7.12.2. Ultralytics¶
ml.postprocessing.ultralytics decodes the newer YOLO
generations. YoloV8 reads
a column-major output where each column is one anchor prediction
holding box coordinates and a per-class score vector – the
objectness channel earlier YOLO outputs carried has been dropped
in v8, and the class scores stand alone. The
YOLOv8 walkthrough steps through the
decode tensor-by-tensor. Older Ultralytics-era versions ship in
the same submodule for models trained against their layouts.
7.12.3. MediaPipe¶
ml.postprocessing.mediapipe decodes Google’s lightweight
on-device family. BlazeFace
is the face detector covered in hello-blazeface: a fast anchor-based detector
that emits boxes and six landmark coordinates per face, returned
as (box, score, keypoints) tuples with the landmarks attached
to each box rather than as a separate output list.

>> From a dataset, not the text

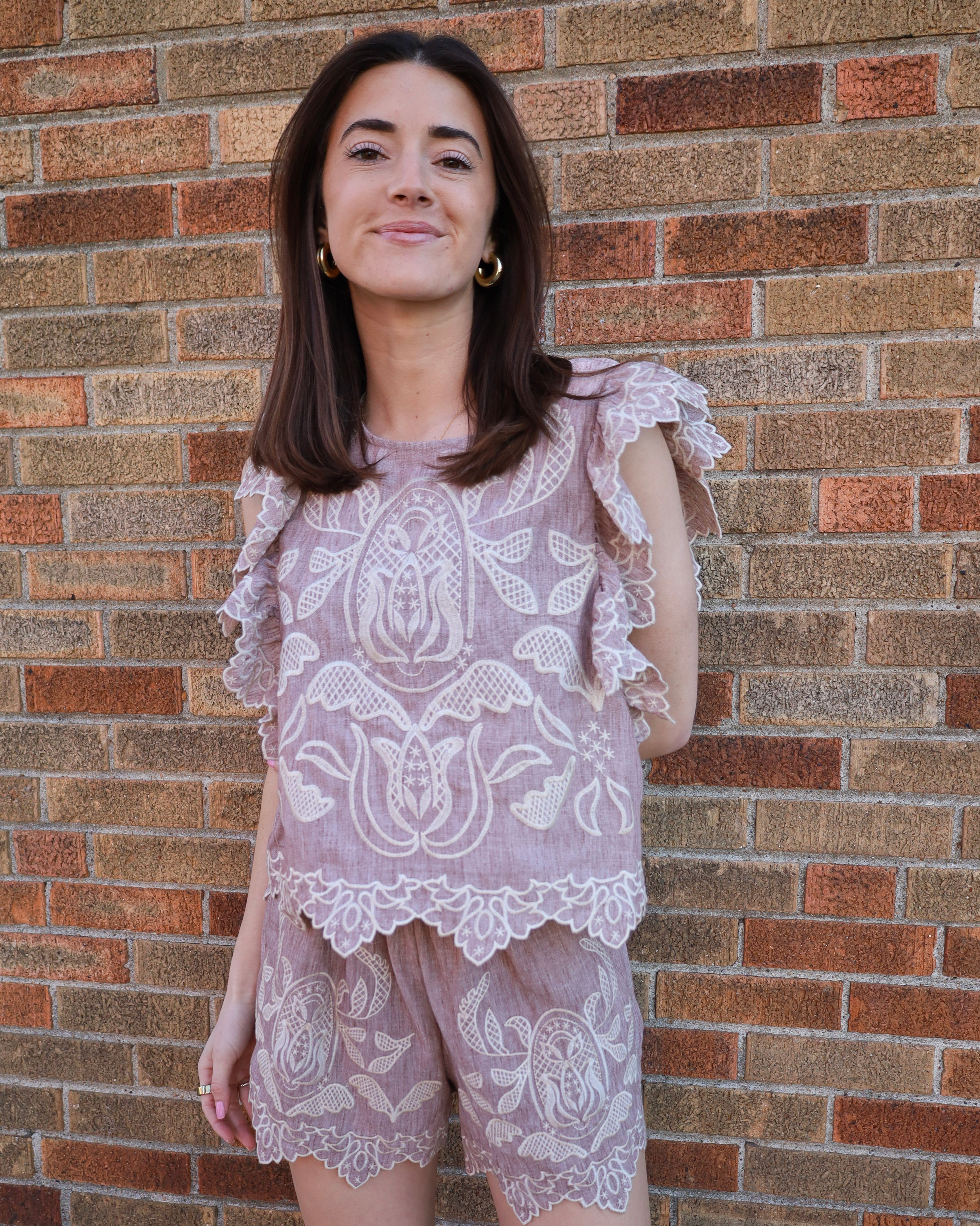 Ruffle Sleeve Embroidered Blouse

Hand-detection,
landmark, and pose models from the same family ship alongside it
and follow the same attached-keypoint return shape.
7.12.4. Picking one¶
The right post-processor is determined by the architecture the
model was trained against, not by what the application wants. A
YOLOv8 .tflite only decodes correctly through
YoloV8; a BlazeFace
.tflite only through
BlazeFace. Picking the
post-processor is part of picking the model. When a model’s
architecture is not represented by a shipped post-processor,
writing your own is straightforward.
Classification networks are the exception. Their single output
tensor is already what the application wants – a list of
per-class scores – and no post-processor is needed. Loading the
model without postprocess= and reading the predict result as
a flat ndarray is the right path, as tensor I/O covered.